BDP (Big-Data Poetry) currently investigates machine learning and neural networks as tools for literary creation. The work is ongoing and open-ended.
2016-2017 BDP: investigates machine learning using Tensorflow, Keras and PyTorch. Neural net models are trained on a custom corpus of 600,000 lines of contemporary poetry: from the romantic epoch to the 20th century avant garde. Successful models are then sequentially asked to generate poems in an infinite loop.

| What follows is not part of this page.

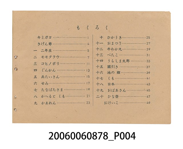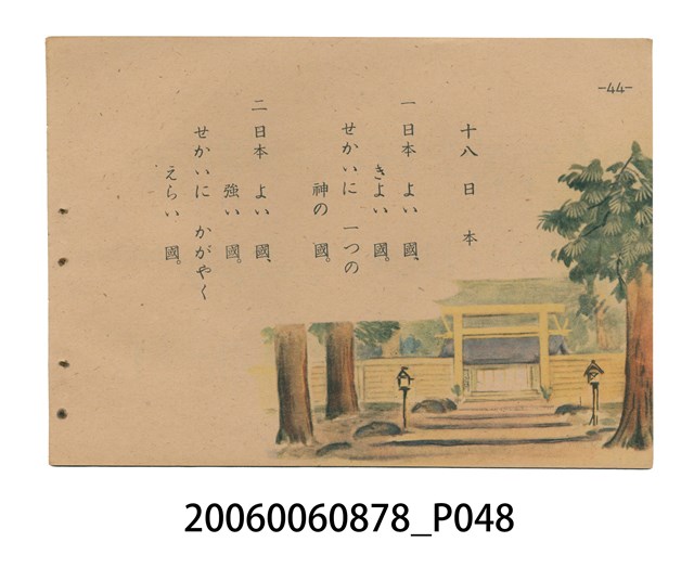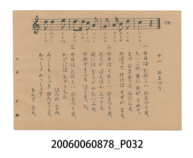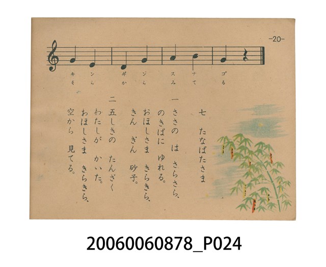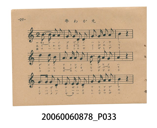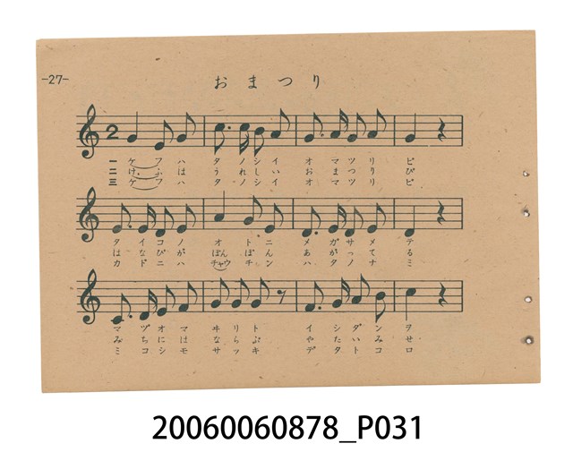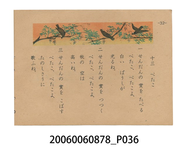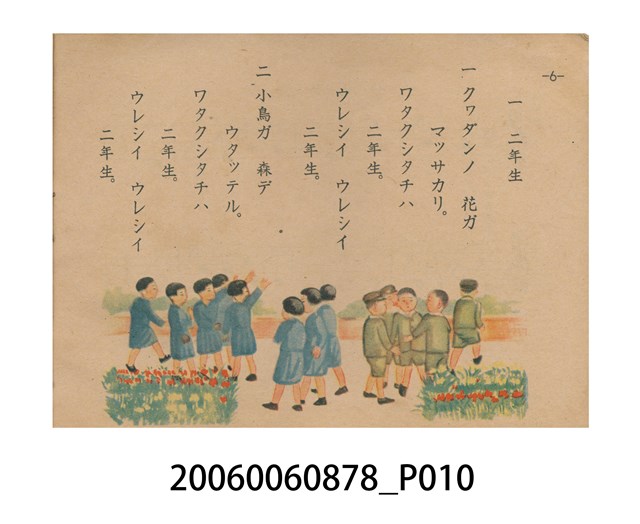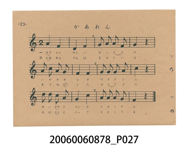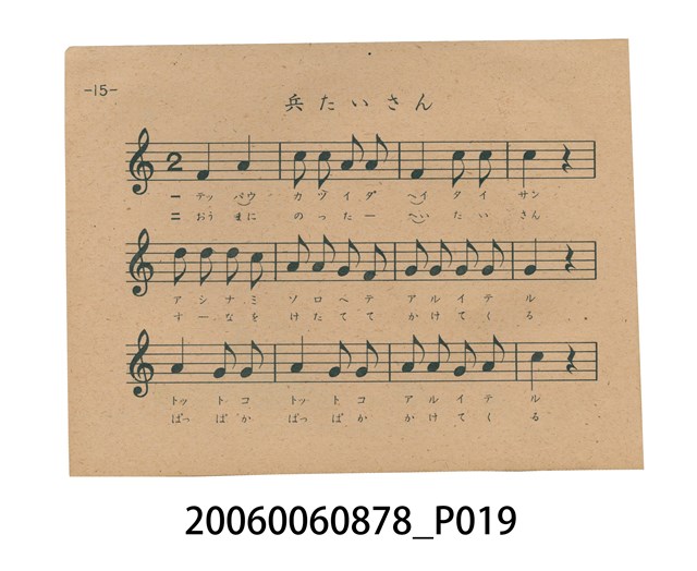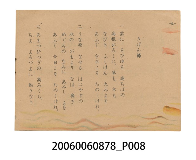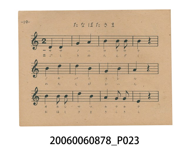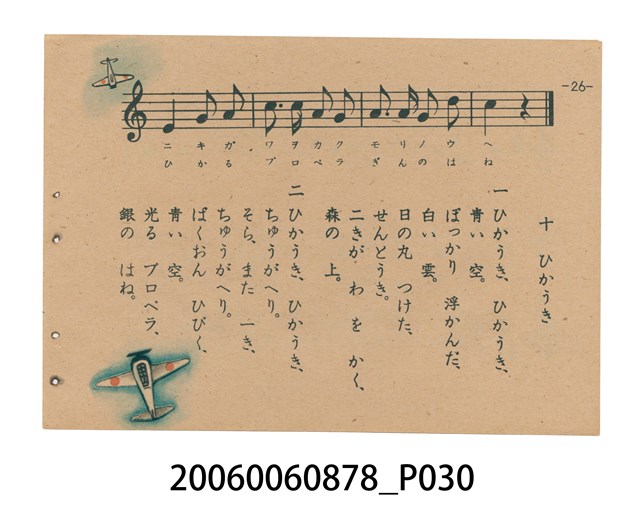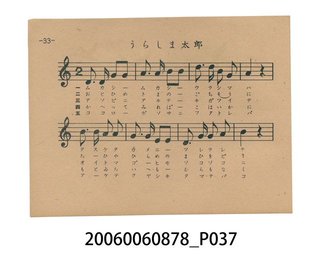 本件為臺灣總督府編纂、發行《うたのほん》(唱歌課本),冊次為下冊,彩色印刷,供國民學校第2學年(年級)兒童使用。發行時間為昭和18年(1943年)10月30日,由臺北精版印刷株式會社臺北工場發行。本教科書收入20首歌曲,附有簡譜,歌詞頁面印有彩圖。

The live poem output is now used as a projection in conjunction with spoken word performances. The Python-based terminal then becomes a site for writing by the machine, reading by the human poet who must attempt to stitch and weave together poems from the incoherent hybrid yet often astonishing word-debris.
Current installation mode can be for as many screens as are available in a space. The generation process runs easily on laptop. Future iterations will involve real-time synthetic audio during performances to accompany spoken word (controlled by Leap and a neural net inside Wekinator).
Previously in 2011-2014, BDP used a combination of data visualization, language analytics, classification algorithms, entity recognition and part-of-speech replacement techniques. Based on these templates, a Python script generated thousands of poems per hour. Sometimes Jhave reads along with this writing machine, verbally stitching and improvising spoken poems.
Jhave is a digital poet, prof , & author of Aesthetic Animism: Digital Poetry’s Ontological Origins (MIT Press, 2016).